Enthusiastic Indian fans have been at the forefront of noisy welcomes accorded to teams touching down in Qatar for the World Cup starting this weekend. They were there for the Argentines wearing blue-and-white, while others in canary yellow waved at the Brazil team bus at the airport. When the English team landed at this desert venue, the Indians were there to extend their support to world football’s eternal under-achievers. They even shouted the popular English chant of perpetual hope — “It’s coming home”. Home? That didn’t sound right. The suspicious Western media instantly floated a conspiracy theory. These were fake fans paid to hype an event that has attracted bad press from the time it got hosting rights, they reported.
But in their haste to embarrass the organisers, they have ended up undermining an ardent football community that considers foreign teams as their own. The organisers were quick to remind them that their ecosystem “comprised of a diverse range of football fans, many of whom share emotional connections with multiple nations”. The hosts had got this right, and the “parachute reporters” were exposed for their ignorance of different football cultures.

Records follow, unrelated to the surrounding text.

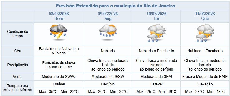 No domingo (08/03), o tempo na cidade do Rio será influenciado pela aproximação e passagem de uma frente fria. O céu estará parcialmente nublado a nublado e há previsão de pancadas de chuva, moderada a ocasionalmente forte, a partir da tarde, podendo vir com raios. Os ventos estarão moderados.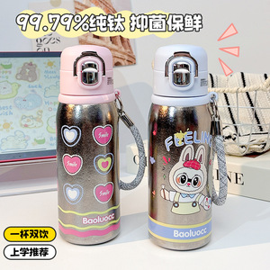 新款纯钛杯可爱儿童保温杯大容量水杯轻奢高级感纯钛保温杯吸管杯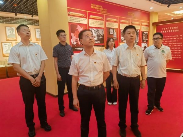 调研当日恰逢中国共产党成立102周年,为弘扬伟大建党精神,赓续红色基因,李留彬与全体党员来到中共六大历史资料馆,通过馆内文物实物、史料图片等资料,深入了解中共六大召开的历史背景和重大历史意义,共同回顾中国共产党从无到有、发展壮大的光辉历程。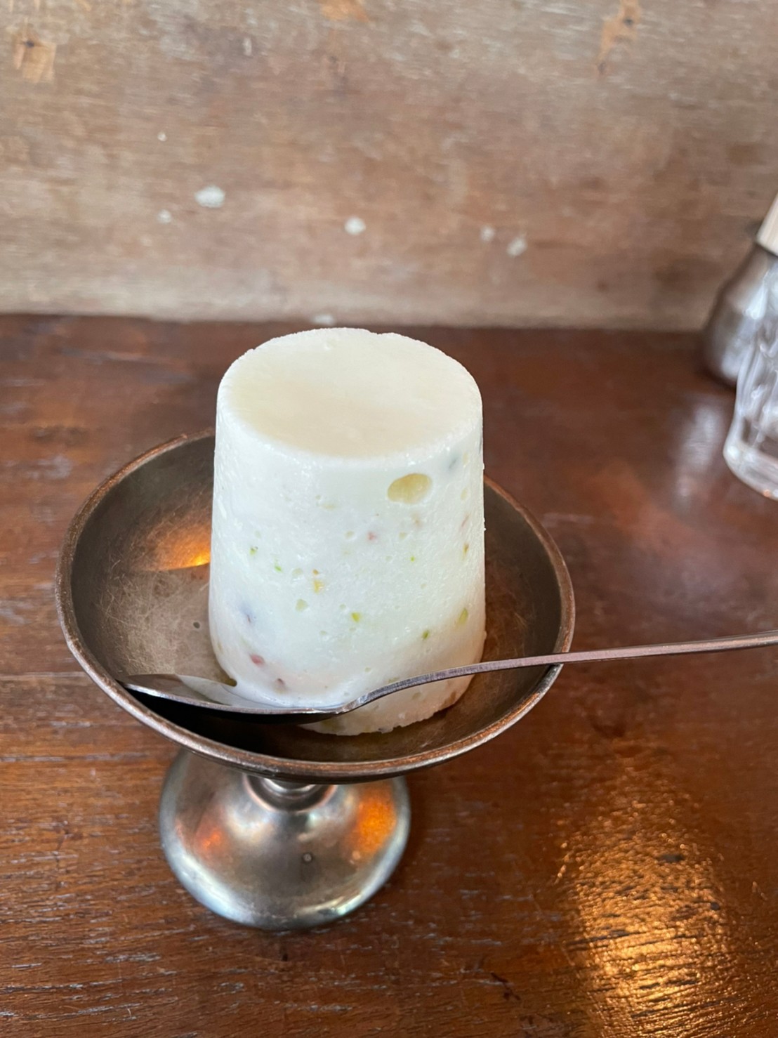 ココナツミルクの中に、いろんなスパイスやかぼちゃの種が入ってて、白くまアイスのインドバージョンって感じ。

Indians might be several decades away from qualifying for a World Cup but the country’s passion for the game is second to none. As this paper reported this week, the World Cup football frenzy isn’t just in the traditional hubs like Kerala, Goa, Kolkata and Northeast. During the World Cup, Kolhapur in Maharashtra too is divided by the love for Brazil and Argentina. Even at this World Cup, Indian fans were among the top-10 buyers of tickets. If not for the deaths of migrant workers and human rights violations, the Qatar World Cup would’ve been the perfect platform to showcase Kerala’s football culture. Not for anyone’s validation, but to educate the world that love for this game is truly universal.